### The records

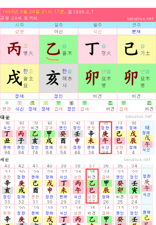 [온천물3] 눈도 밝고 외모는 이쁘고 수려하겠네요 차분하고 신중하고 남을 잘 이해하고 포용하는 성격 내면적 성찰과 깊은 사고력이 좋고 단지 활력이 부족하고 결단력이 약하거나 우유부단할수 있고 처음에는 외형적 성격이지만 점점 소심하고 내성적일수 있어요 관성이 없다보니 취직에 어려움이 따릅니다 자신감도 떨어지고 초년에는 용신운이 왔는데 왜 힘들었을까 좋은운 가운데 지지 충이 들어 와서 힘들었네요 용신운도 상황에 따라 달라서 마음을 놓으면 안되겠어요 초년에는 궁핍했어나 나중에는 형편이 조금 좋아집니다 을목이 강하니까 을목의 나라 일본에 대한 관심과 배우자를 선호하겠네요 대운을 보면 관성운이 강하게 들어와서 연애운은 활발하겠어요 단지 내 자신은 무듬듬 할뿐이지만 결혼을 해도 크게 좋지도 싫지도 않은 느낌 돈이 생기면 남자에게 뺏기거나 주는구조라 내몫은 알뜰히 챙겨야 합니다 생활 패턴이 무느지기 때문에 일과 돈은 조금이라도 항상 있어야 건강에 좋아요 직장 취직도 마찬가지 계약직이 낫고 정규직은 오래 못 버팁니다 짤게 짤게 먹고 나오는 팬턴이 맞아요 물론 수입이 적겠지만 티끌모아 태산이라고 내분수 외는 뺏기게 되어 있어요 인성도 약하다보니 적게 배운걸 자주 써먹는 케이스가 됩니다 너무 자신감이 강하다보면 트러블이 생길수 있어요 항상 적당히 저자세로 멀리서 바라보다가 기회가 올때 잽싸게 낚아 채는 전략이 필요해요 종합적으로 정리 하자면 특별하게 큰 실력보다 그만그만한 사주입니다 눈치가 빠르면 살아남고 어영부영 하면 기회를 놓칩니다
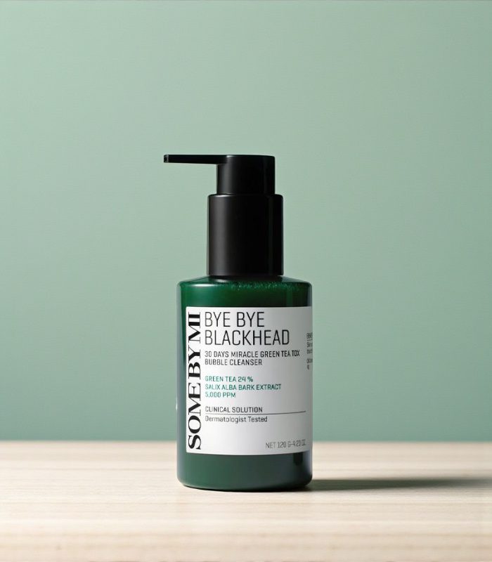 Some By Mi – Bye Bye Blackhead 30 Days Miracle Green Tea Tox Bubble Cleanser je inovativní čisticí pěna, která během 30 dní pomáhá viditelně redukovat černé tečky, maz a nečistoty v pórech. Obsahuje extrakt ze zeleného čaje, BHA kyseliny a komplex 16 čajových extraktů, které dohromady detoxikují a zklidňují pleť. Po nanesení se gel promění v jemné bublinky, které šetrně odstraní nečistoty bez podráždění.
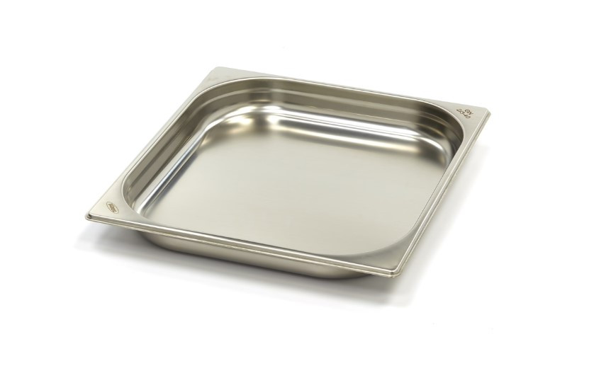 Ez a 2/3 méretű Gastronorm edény 4 cm mélységgel és 3,6 literes űrtartalommal rendelkezik. A 32,5 x 35,4 cm-es méretű rozsdamentes acél edény rakásolható és mosogatógépben tisztítható. Ez a GN edény ideális választás mindenféle vendéglátóipari berendezéshez, például sütőkhöz vagy bain marie-khez.
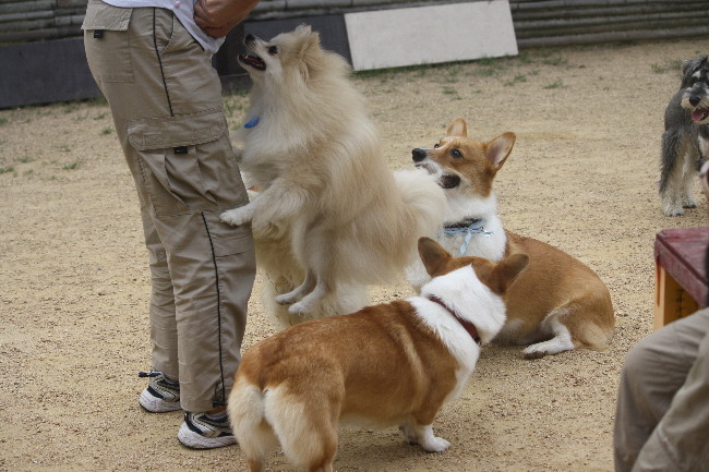 さすがモーちゃんちの子だけあって(モーちゃんはアジリティ-をする子なのです)、まだ3ヶ月だと言うのにお座りや側歩もかなり出来ていました。
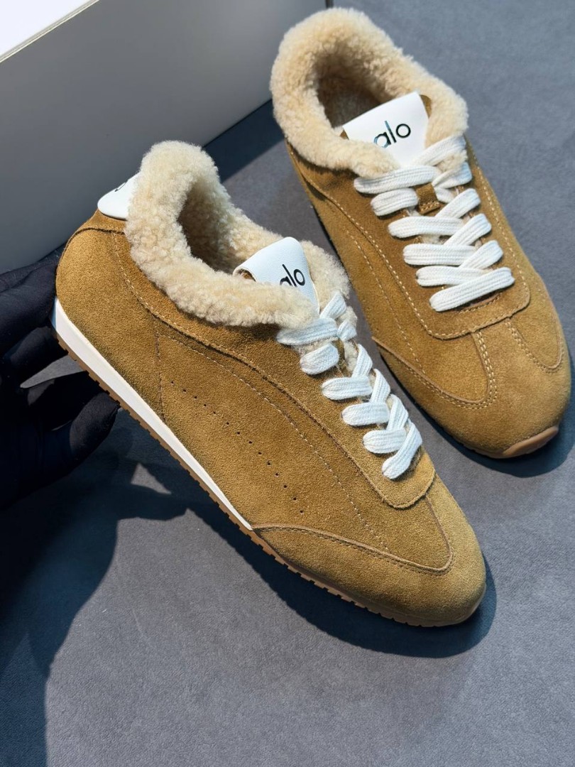 Женские замшевые кроссовки с мехом Alo Yoga коричневые 2026
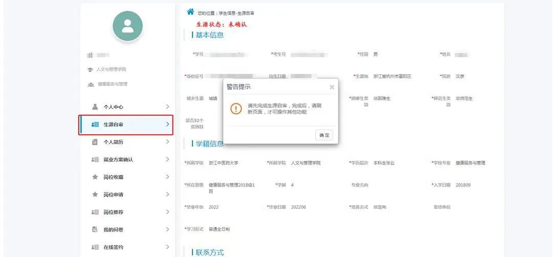 登陆后,进入【生源自审】,核对页面内的生源信息,确认无误,点击【确认】即完成生源自审。
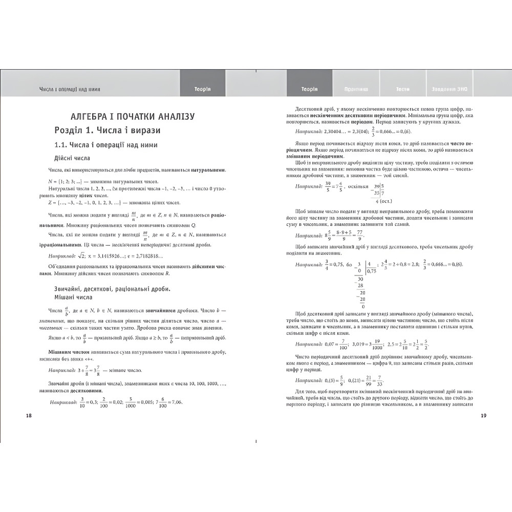 Учебно-практический справочник подготовлен в соответствии с действующей программой МОН Украины и программой ВНО по математике. Систематизированный и представленный в оригинальном формате, теоретический материал позволяет читателю найти краткий ответ на типовые вопросы важнейших испытаний – ВНО и ГНА. Практическая работа и выполнение тематических тестовых заданий, теста в формате ВНО помогут попробовать свои силы в знании предмета и умении им пользоваться. Предназначается для учащихся школ, абитуриентов, учителей, репетиторов по математике.
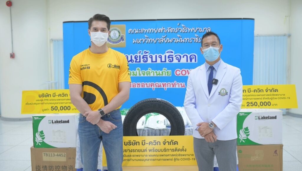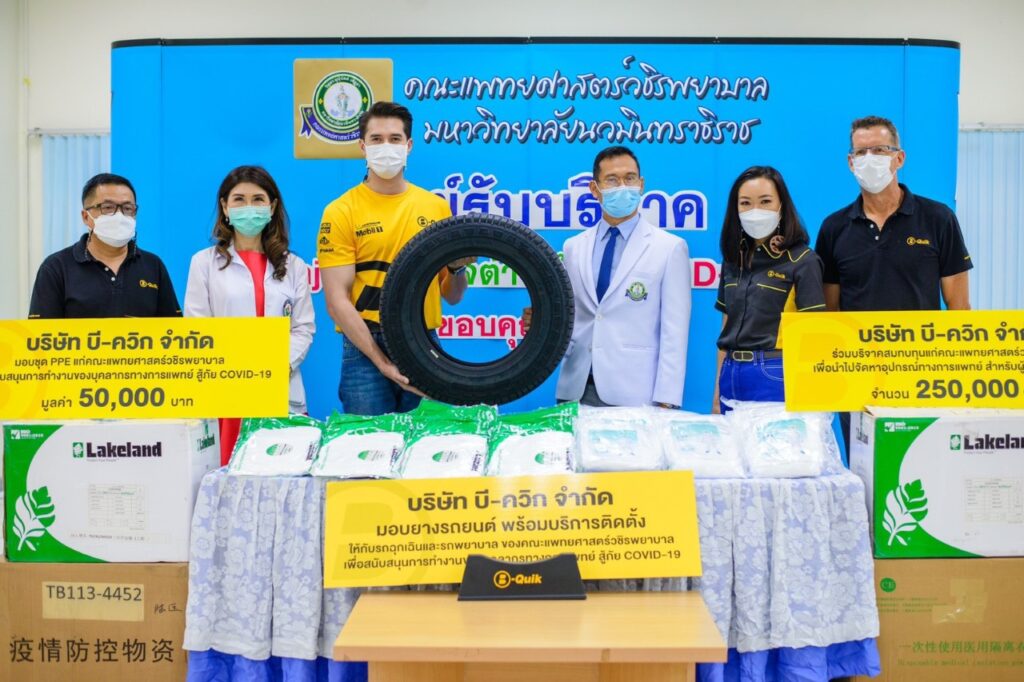 มิกค์ ทองระย้า ร่วมด้วย ผู้บริหาร บี-ควิก ปันน้ำใจสู้ภัย COVID-19 บริจาคอุปกรณ์ทางการแพทย์ พร้อมมอบยางรถยนต์ สำหรับรถพยาบาล และรถฉุกเฉิน ให้กับหน่วยงานทางการแพทย์

######

> [What to do]: Nothing but the records themselves, exact and complete, should be returned; leave the pictures out.

> [Response to the task]:
 [온천물3] 눈도 밝고 외모는 이쁘고 수려하겠네요 차분하고 신중하고 남을 잘 이해하고 포용하는 성격 내면적 성찰과 깊은 사고력이 좋고 단지 활력이 부족하고 결단력이 약하거나 우유부단할수 있고 처음에는 외형적 성격이지만 점점 소심하고 내성적일수 있어요 관성이 없다보니 취직에 어려움이 따릅니다 자신감도 떨어지고 초년에는 용신운이 왔는데 왜 힘들었을까 좋은운 가운데 지지 충이 들어 와서 힘들었네요 용신운도 상황에 따라 달라서 마음을 놓으면 안되겠어요 초년에는 궁핍했어나 나중에는 형편이 조금 좋아집니다 을목이 강하니까 을목의 나라 일본에 대한 관심과 배우자를 선호하겠네요 대운을 보면 관성운이 강하게 들어와서 연애운은 활발하겠어요 단지 내 자신은 무듬듬 할뿐이지만 결혼을 해도 크게 좋지도 싫지도 않은 느낌 돈이 생기면 남자에게 뺏기거나 주는구조라 내몫은 알뜰히 챙겨야 합니다 생활 패턴이 무느지기 때문에 일과 돈은 조금이라도 항상 있어야 건강에 좋아요 직장 취직도 마찬가지 계약직이 낫고 정규직은 오래 못 버팁니다 짤게 짤게 먹고 나오는 팬턴이 맞아요 물론 수입이 적겠지만 티끌모아 태산이라고 내분수 외는 뺏기게 되어 있어요 인성도 약하다보니 적게 배운걸 자주 써먹는 케이스가 됩니다 너무 자신감이 강하다보면 트러블이 생길수 있어요 항상 적당히 저자세로 멀리서 바라보다가 기회가 올때 잽싸게 낚아 채는 전략이 필요해요 종합적으로 정리 하자면 특별하게 큰 실력보다 그만그만한 사주입니다 눈치가 빠르면 살아남고 어영부영 하면 기회를 놓칩니다
 Some By Mi – Bye Bye Blackhead 30 Days Miracle Green Tea Tox Bubble Cleanser je inovativní čisticí pěna, která během 30 dní pomáhá viditelně redukovat černé tečky, maz a nečistoty v pórech. Obsahuje extrakt ze zeleného čaje, BHA kyseliny a komplex 16 čajových extraktů, které dohromady detoxikují a zklidňují pleť. Po nanesení se gel promění v jemné bublinky, které šetrně odstraní nečistoty bez podráždění.
 Ez a 2/3 méretű Gastronorm edény 4 cm mélységgel és 3,6 literes űrtartalommal rendelkezik. A 32,5 x 35,4 cm-es méretű rozsdamentes acél edény rakásolható és mosogatógépben tisztítható. Ez a GN edény ideális választás mindenféle vendéglátóipari berendezéshez, például sütőkhöz vagy bain marie-khez.
 さすがモーちゃんちの子だけあって(モーちゃんはアジリティ-をする子なのです)、まだ3ヶ月だと言うのにお座りや側歩もかなり出来ていました。
 Женские замшевые кроссовки с мехом Alo Yoga коричневые 2026
 登陆后,进入【生源自审】,核对页面内的生源信息,确认无误,点击【确认】即完成生源自审。
 Учебно-практический справочник подготовлен в соответствии с действующей программой МОН Украины и программой ВНО по математике. Систематизированный и представленный в оригинальном формате, теоретический материал позволяет читателю найти краткий ответ на типовые вопросы важнейших испытаний – ВНО и ГНА. Практическая работа и выполнение тематических тестовых заданий, теста в формате ВНО помогут попробовать свои силы в знании предмета и умении им пользоваться. Предназначается для учащихся школ, абитуриентов, учителей, репетиторов по математике.
 มิกค์ ทองระย้า ร่วมด้วย ผู้บริหาร บี-ควิก ปันน้ำใจสู้ภัย COVID-19 บริจาคอุปกรณ์ทางการแพทย์ พร้อมมอบยางรถยนต์ สำหรับรถพยาบาล และรถฉุกเฉิน ให้กับหน่วยงานทางการแพทย์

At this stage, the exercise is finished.